Он ругается по-русски.

— Я помню только этот мир. Ни один из других.

— Ну, поверь мне, ты побывал везде. Италия и Нью-Йорк и даже страшная мировая война. Ты правда этого не помнишь?

— Я помню только, что был здесь. Мы разберёмся с теорией позже. Теперь со мной всё в порядке, — Пол целует мою шею, потом ловит моё лицо в ладони. — Я не нашёл лекарство для Тео, перед тем как они меня поймали.

— Всё в порядке! Я достала его. Мы, ну, нам пришлось сделать кое-какую грязную работу для Триады, но всё в порядке, потому что я думаю, что знаю, как обратить это против них.

Он хмурится, без сомнения, задумываясь о том насколько грязной была работа. Но потом я вижу, как его лицо становится отрешённым.

— Несколько минут назад, то, что я сказал…

— Забудь это. Это между другим Полом и другой Маргарет. Это не имеет к нам никакого отношения, — зная это, я чувствую себя невероятно свободной. Как будто я могу воспарить на крыльях, унося Пола за собой.

— Но я причинил тебе боль, — Пол смотрит на мою раненую руку.

— Не специально. И это был не ты, точно так же, как это была не я. Хорошо? — чтобы объяснить это Полу, потребуется время, так же как мне потребовалось много времени, чтобы поверить в это.

Не похоже, что он может полностью принять это.

— Ты… она больше не может быть художником.

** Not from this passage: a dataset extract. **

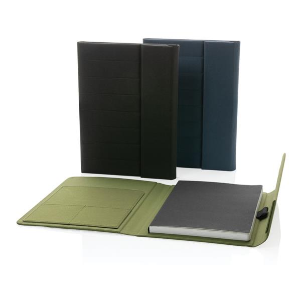 Teczka konferencyjna A5 z notatnikiem (64 kremowe kartki 80 g/m2 w linie), magnetyczne zamknięcie, wewnątrz duża kieszeń, 2 kieszenie na wizytówki i pętla na akcesoria do pisania, wykonana z 6,5 poddanych recyklingowi butelek PET (500 ml), dzięki zastosowaniu technologii AWARE™ wykorzystane materiały są identyfikowalne z pochodzenia, 2% wpływów z każdego sprzedanego produktu z kolekcji Impact jest przekazywane na rzecz Water.org, nie zawiera PVC

Это больно, даже если это не я. Но я говорю ему то, что, надеюсь, эта Маргарет когда-нибудь поймёт, то, что мне, возможно, придётся принять и самой.

— Есть и другие профессии. Другие способы быть творческим человеком и вести хорошую жизнь. Она разберётся с этим.

Пола это не утешает.

— Тео в безопасности?

— Да. Он даже отправился со мной, потому что сказал, что, если ты сделаешь это, чтобы спасти его, он сделает это, чтобы спасти тебя.

— Вот идиот, — говорит Пол самым ласковым тоном, на какой он был способен. — Где он сейчас?

— Япония. В этой вселенной Тео Бек получает докторскую степень в Японии, но наш собственный Тео уже вернулся домой. Он будет ждать нас там.

Пол осматривает квартиру.

— Этот Пол, — он слегка смеётся, но без юмора. Я могу сказать, что он смущён тем, как далеко зашла эта версия. — Ему нужна нормальная жизнь.

— Да, наверное. Посмотри на это с другой стороны, по крайней мере, ты не застрял в апокалиптической войне. Ты об этом совсем не помнишь?

Если это так, он может вспомнить, что я целовалась с другим Полом. Ой-ой.

Вместо этого он качает головой.

— Этот мир — единственный, о котором я помню. Думаю, так оно и было… в этом измерении меня было больше, чем где-либо.

— Ну в военной вселенной ты не много пропустил.

Я говорю это, чтобы отвлечь его, но Пол цепляется за новую информацию.

— Конли ведь не заставил тебя работать на него?

— Не больше, чем необходимо, — говорю я.

— Что ты мне не договариваешь?

Есть так много всего, и угроза главного офиса настолько ужасна, что не хочется говорить об этом вслух. Сейчас я просто хочу вернуться домой с Полом.

Но Тео вернулся туда, где ему и место, целым и невредимым. Он сейчас говорит моим родителям о риске. Мы с Полом вместе в объятиях друг друга. Нет причин не рассказать, если он этого хочет.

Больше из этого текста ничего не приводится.